» **About this exercise**: Copy the material below verbatim from the line with "2023年12月31日,《七" to the line with "Trao quà lưu", both lines included, omitting pictures and every line outside that range.

» **Extracted records**:

════════════════

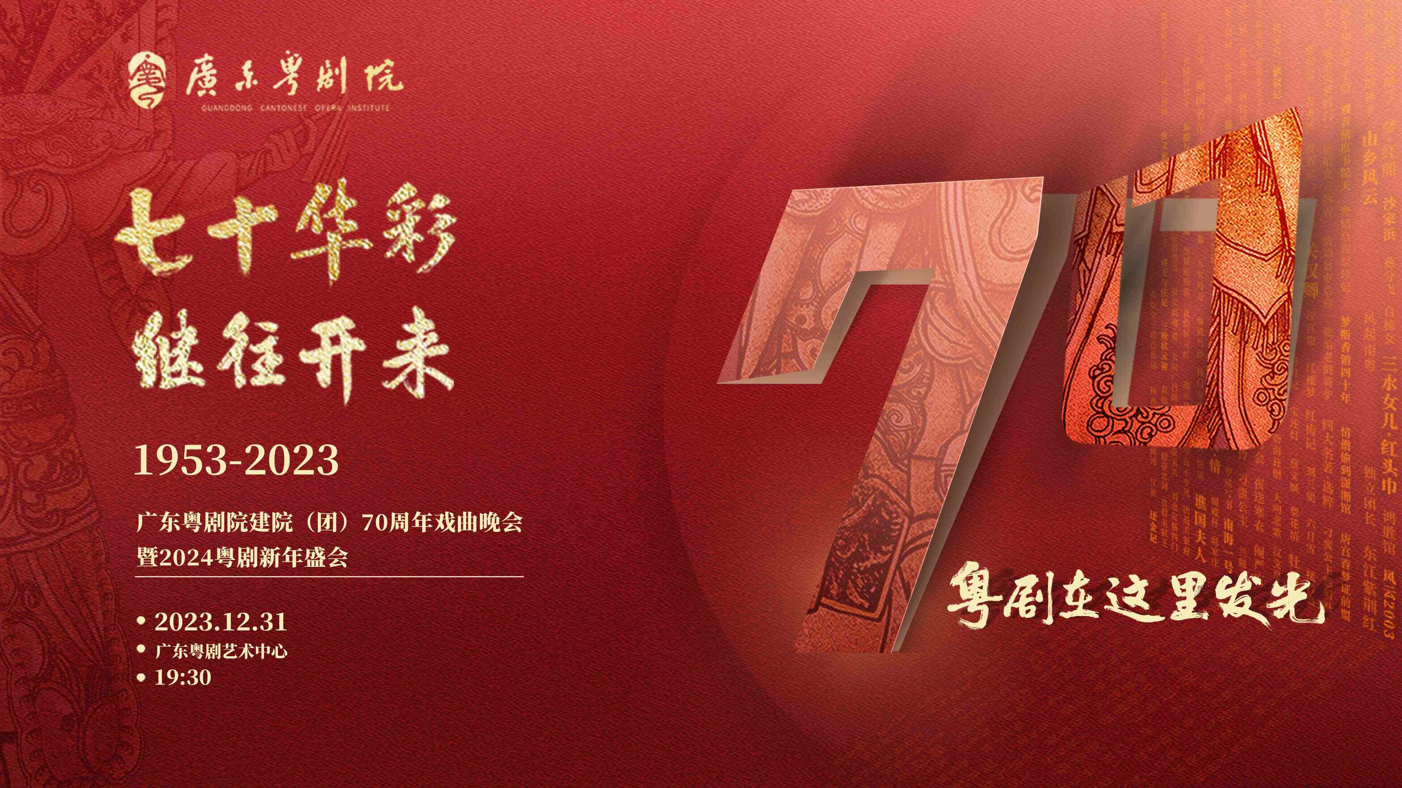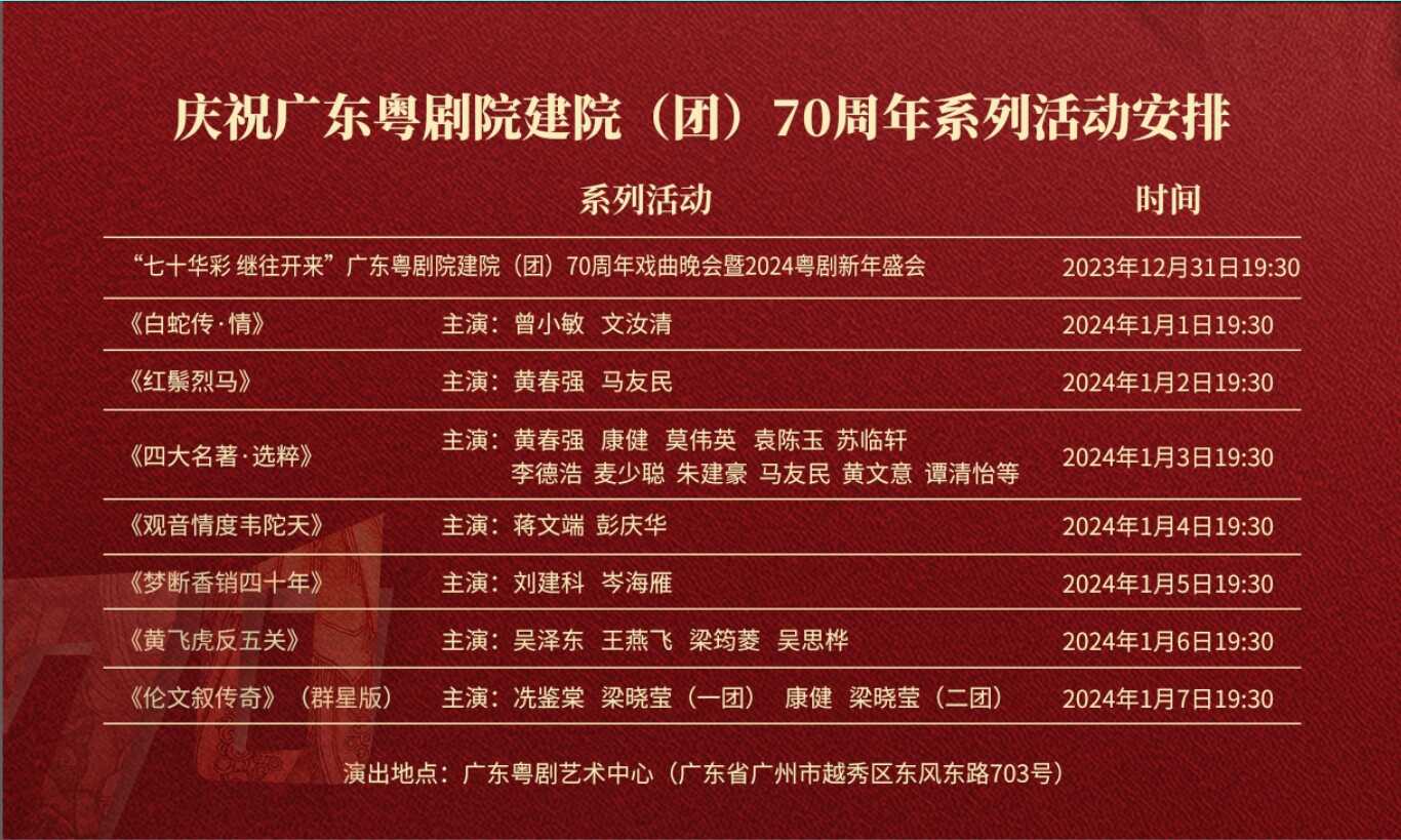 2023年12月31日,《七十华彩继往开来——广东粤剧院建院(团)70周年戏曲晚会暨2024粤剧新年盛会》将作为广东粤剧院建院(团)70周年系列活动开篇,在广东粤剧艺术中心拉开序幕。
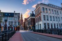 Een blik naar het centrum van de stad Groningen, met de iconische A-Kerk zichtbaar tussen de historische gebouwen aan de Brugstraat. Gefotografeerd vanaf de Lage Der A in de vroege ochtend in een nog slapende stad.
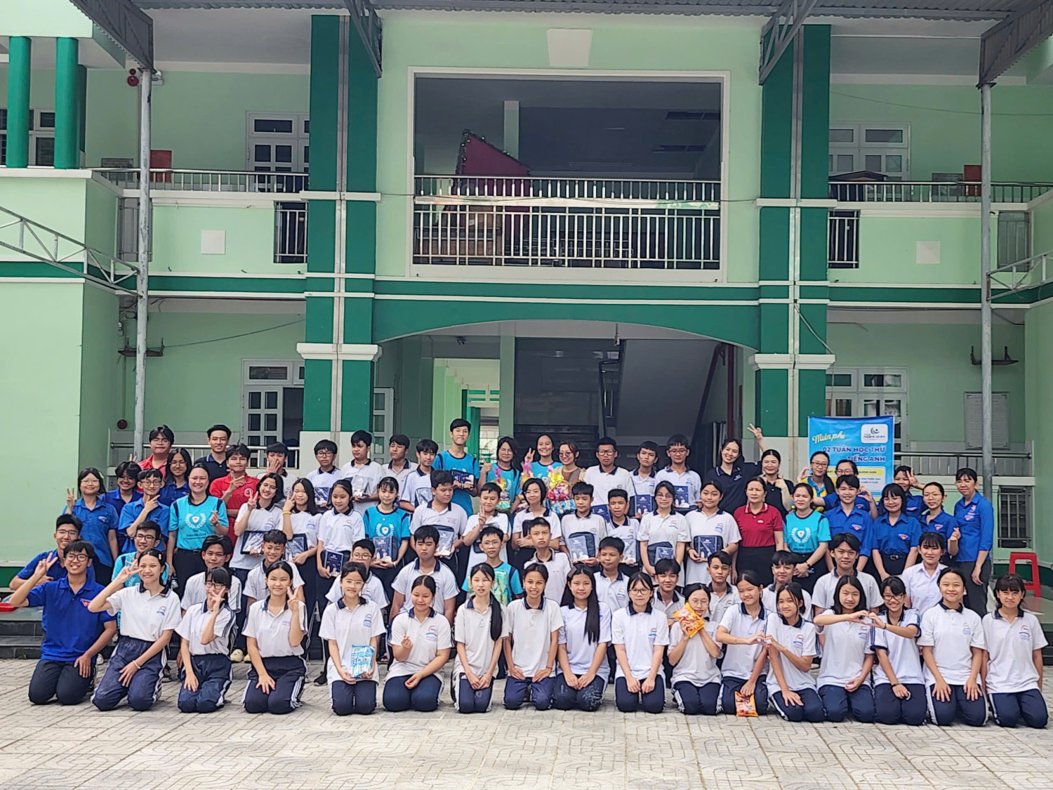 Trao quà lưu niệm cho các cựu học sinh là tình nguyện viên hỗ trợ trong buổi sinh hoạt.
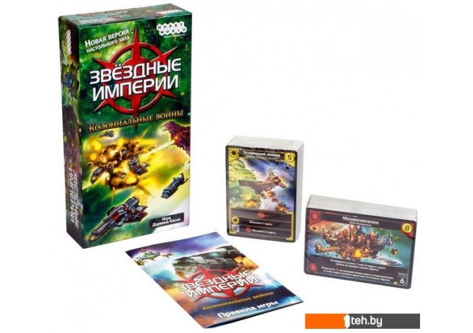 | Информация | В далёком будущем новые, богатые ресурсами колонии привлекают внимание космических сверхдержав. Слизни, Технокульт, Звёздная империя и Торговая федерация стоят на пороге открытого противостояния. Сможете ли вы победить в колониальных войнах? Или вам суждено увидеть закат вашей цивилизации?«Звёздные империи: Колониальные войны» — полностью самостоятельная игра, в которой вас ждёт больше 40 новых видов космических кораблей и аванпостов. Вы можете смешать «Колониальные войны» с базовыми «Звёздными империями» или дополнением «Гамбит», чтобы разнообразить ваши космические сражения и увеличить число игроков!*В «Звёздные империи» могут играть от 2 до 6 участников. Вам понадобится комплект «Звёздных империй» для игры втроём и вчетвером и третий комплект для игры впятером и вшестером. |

════════════════

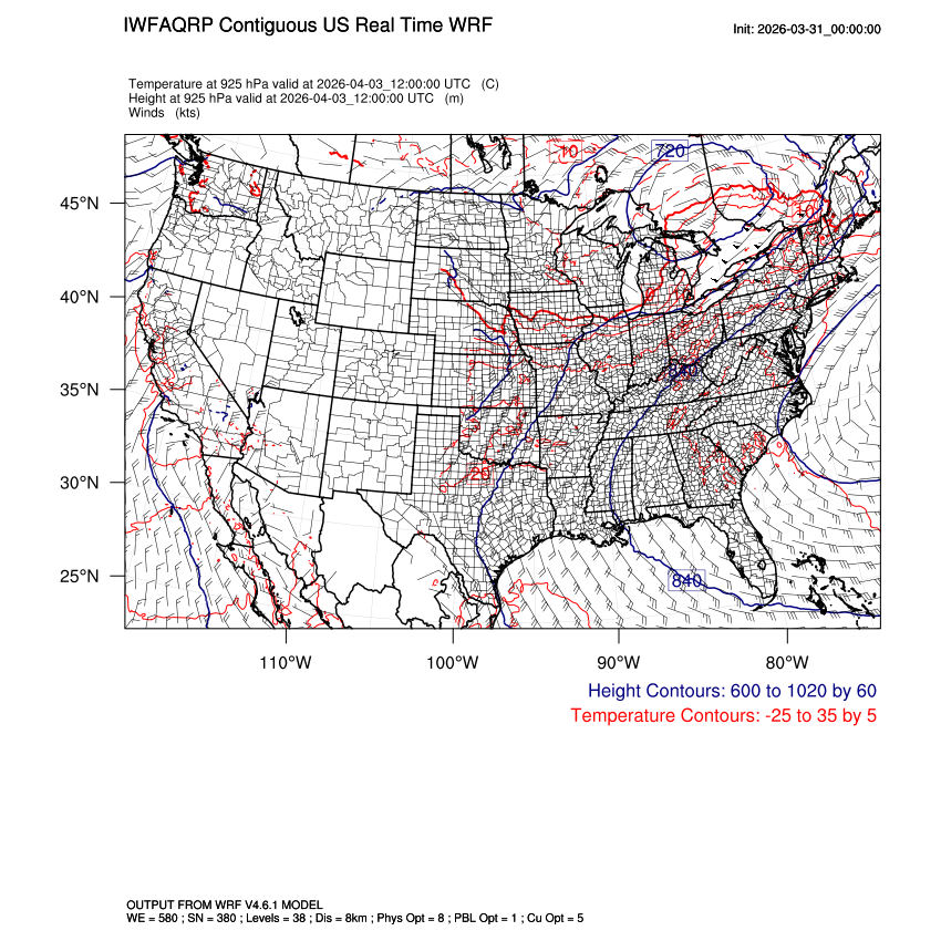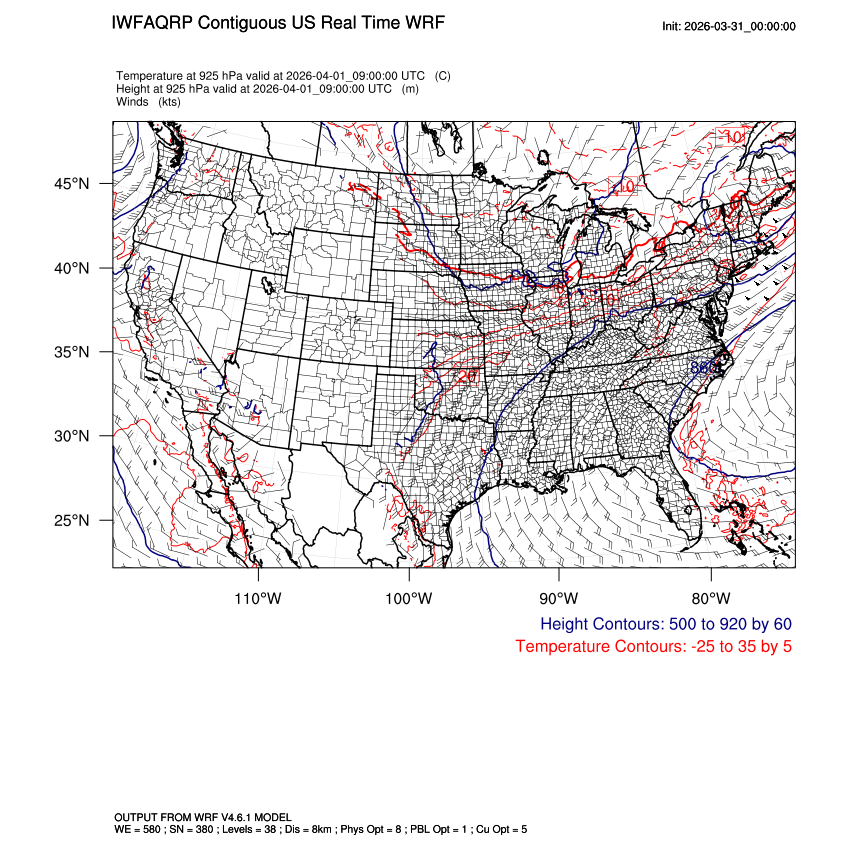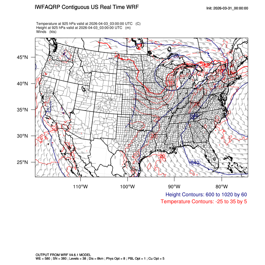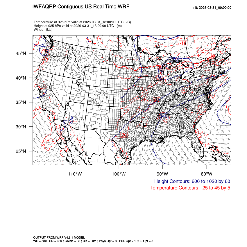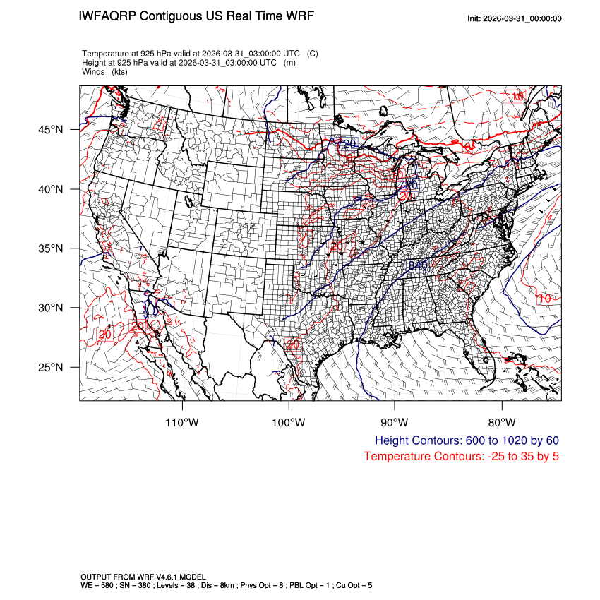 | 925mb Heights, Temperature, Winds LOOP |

════════════════

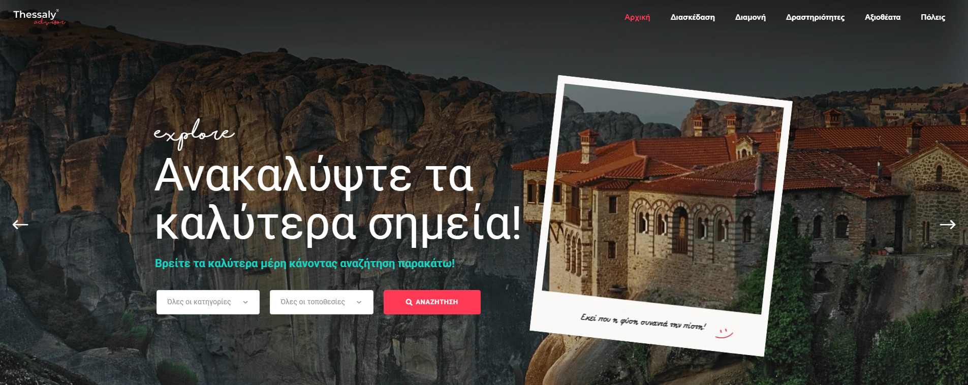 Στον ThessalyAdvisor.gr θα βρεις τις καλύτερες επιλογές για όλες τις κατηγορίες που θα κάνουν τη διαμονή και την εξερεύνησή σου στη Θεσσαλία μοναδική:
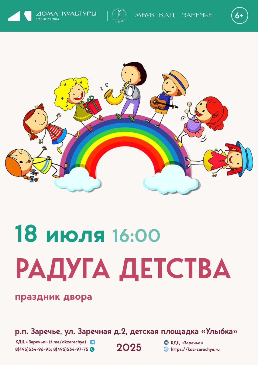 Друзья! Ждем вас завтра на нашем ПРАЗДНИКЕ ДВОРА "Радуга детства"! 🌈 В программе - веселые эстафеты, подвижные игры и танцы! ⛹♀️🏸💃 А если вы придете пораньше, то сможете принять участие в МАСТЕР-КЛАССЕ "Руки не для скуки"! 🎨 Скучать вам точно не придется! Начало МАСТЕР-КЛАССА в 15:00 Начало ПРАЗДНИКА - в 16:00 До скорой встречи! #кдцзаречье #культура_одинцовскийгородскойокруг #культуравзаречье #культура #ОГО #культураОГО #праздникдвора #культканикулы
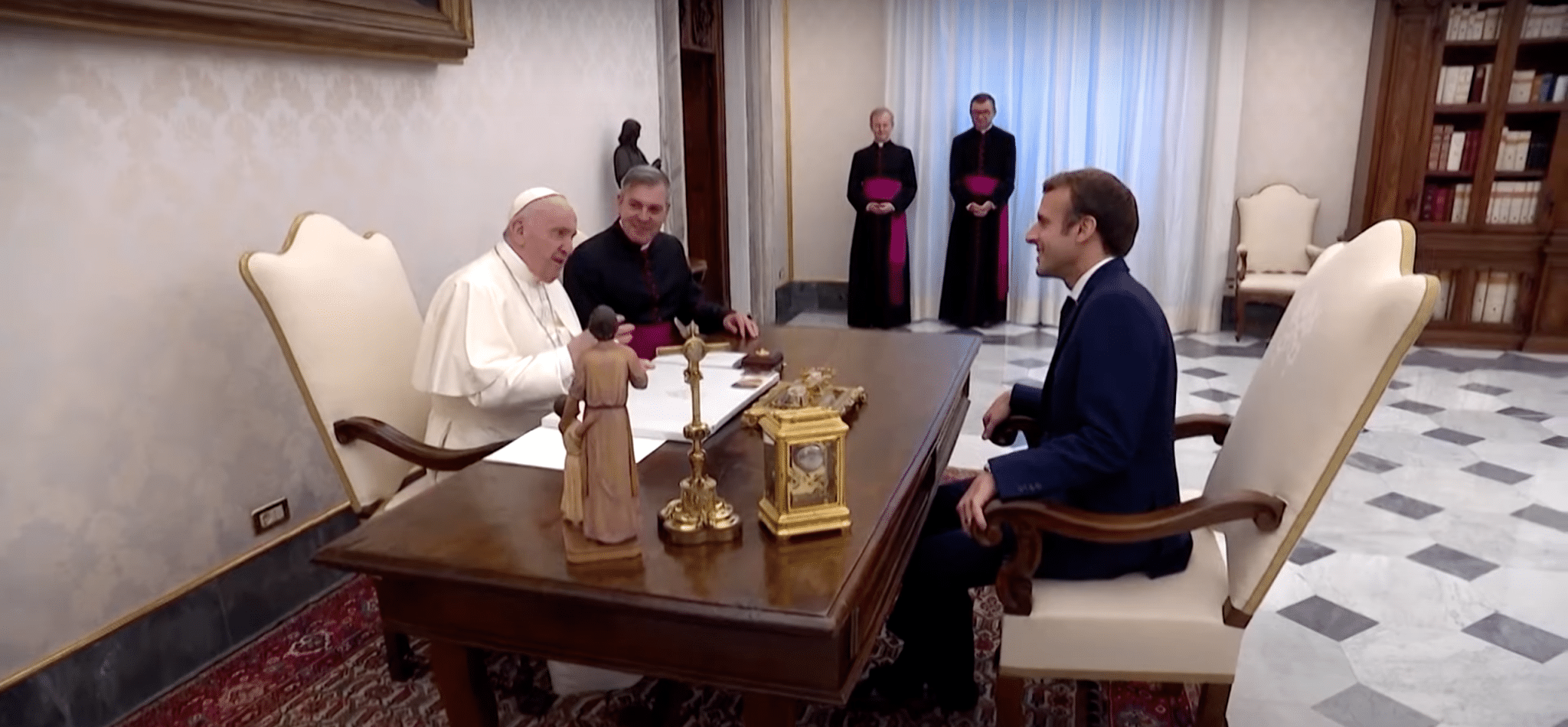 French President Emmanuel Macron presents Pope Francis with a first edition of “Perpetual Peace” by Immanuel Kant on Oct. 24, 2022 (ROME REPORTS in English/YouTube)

════════════════

» **Answer space**:
 2023年12月31日,《七十华彩继往开来——广东粤剧院建院(团)70周年戏曲晚会暨2024粤剧新年盛会》将作为广东粤剧院建院(团)70周年系列活动开篇,在广东粤剧艺术中心拉开序幕。
 Een blik naar het centrum van de stad Groningen, met de iconische A-Kerk zichtbaar tussen de historische gebouwen aan de Brugstraat. Gefotografeerd vanaf de Lage Der A in de vroege ochtend in een nog slapende stad.
 Trao quà lưu niệm cho các cựu học sinh là tình nguyện viên hỗ trợ trong buổi sinh hoạt.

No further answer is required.